The village is also one of the locations of Northwest Academy, a private therapeutic day school serving special education students from school districts within a 50 mi radius.

==Transportation==
The Bartlett station provides Metra commuter rail service along the Milwaukee District West Line in nearby Bartlett.
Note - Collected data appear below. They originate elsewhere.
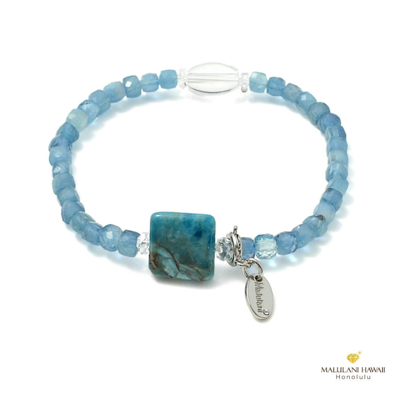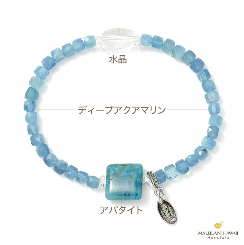穏やかなブルーやグリーンを帯びたアパタイトは、心の迷いを鎮め、意志と感情をひとつに調和させてくれるストーンです。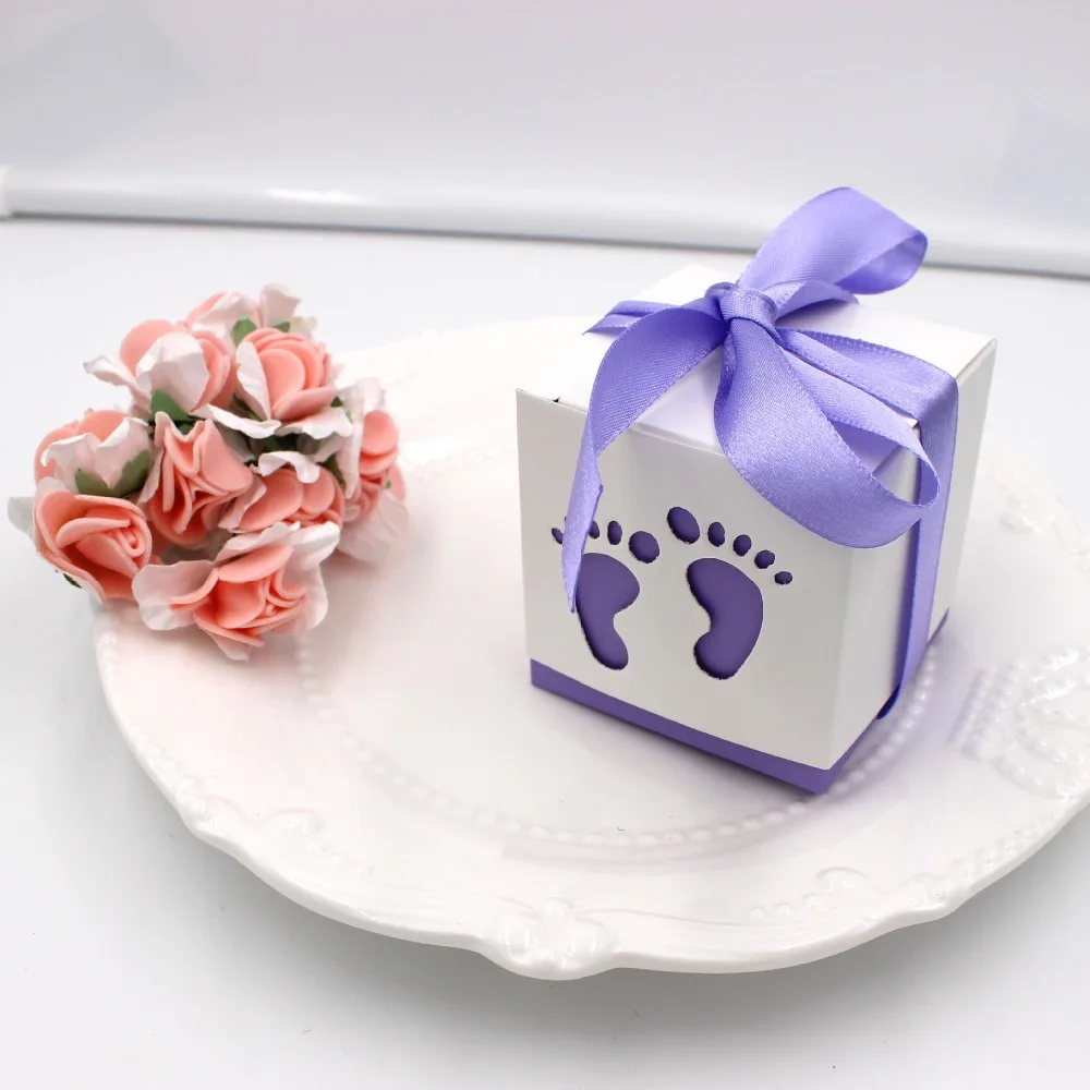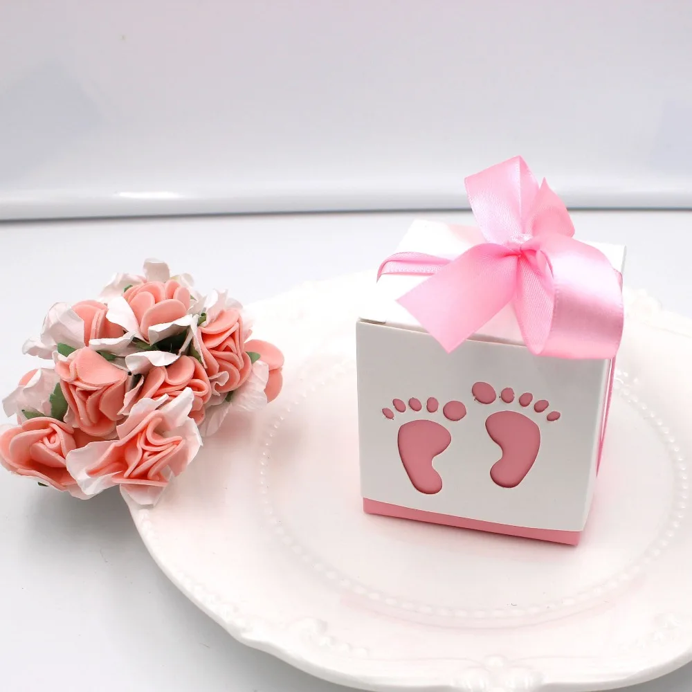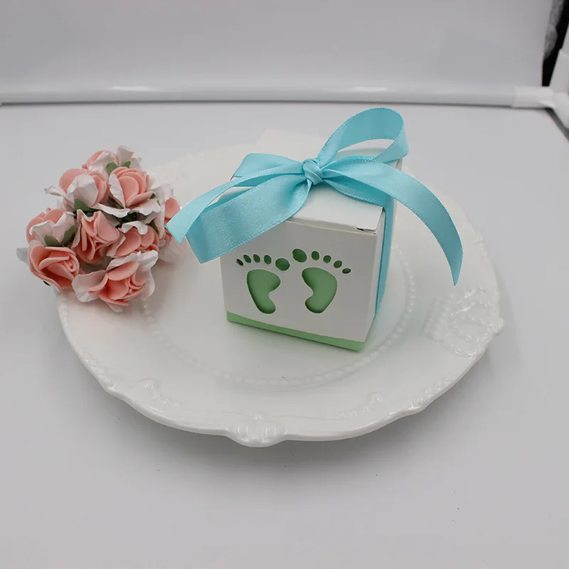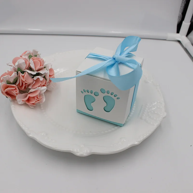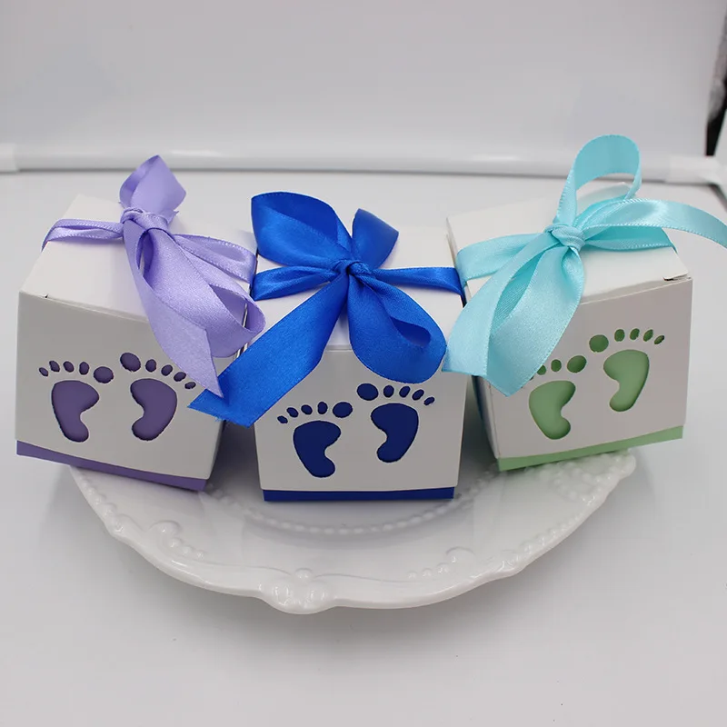 30 шт./лот, детский душ, сделай сам, конфетная коробка для ног, Крещение, подарок на день рождения, Крещение, шоколадная коробка, украшение для дня рождения с лентой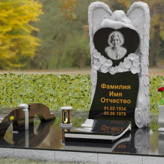 Данная мемориальная композиция представляет собой истинное произведение ритуального искусства, где каждый элемент пропитан глубоким символизмом и благородством. Центральным художественным образом выступает величественная фигура скорбящего ангела, чьи массивные крылья бережно, словно в последней попытке защитить, обрамляют стелу в форме сердца. Мастерство камнереза здесь проявляется в искусной игре контрастов: матовая, детально проработанная фактура оперения крыльев и драпировок одежды небесного покровителя противопоставлена зеркально отполированной глади черного гранита. Именно на этой поверхности, лишенной малейших изъянов, свет преломляется наиболее эффектно, создавая ощущение глубины и монументальности.

Trains travel east to Chicago Union Station, and west to Big Timber Road station.

Pace provides bus service on Route 554 directly connecting Streamwood to Schaumburg and other destinations.

==Streamwood Stride==
The Streamwood Stride is an endurance race. It is held in Streamwood on the second weekend of June. The 2010 Streamwood Stride was its 12th race, and included the 5k run/walk, the 10k run, kiddie races of 50m and 100m, the double derby (which is Streamwood Stride teamed up with Bartlett Blossom Run), and the 1 mi fun run.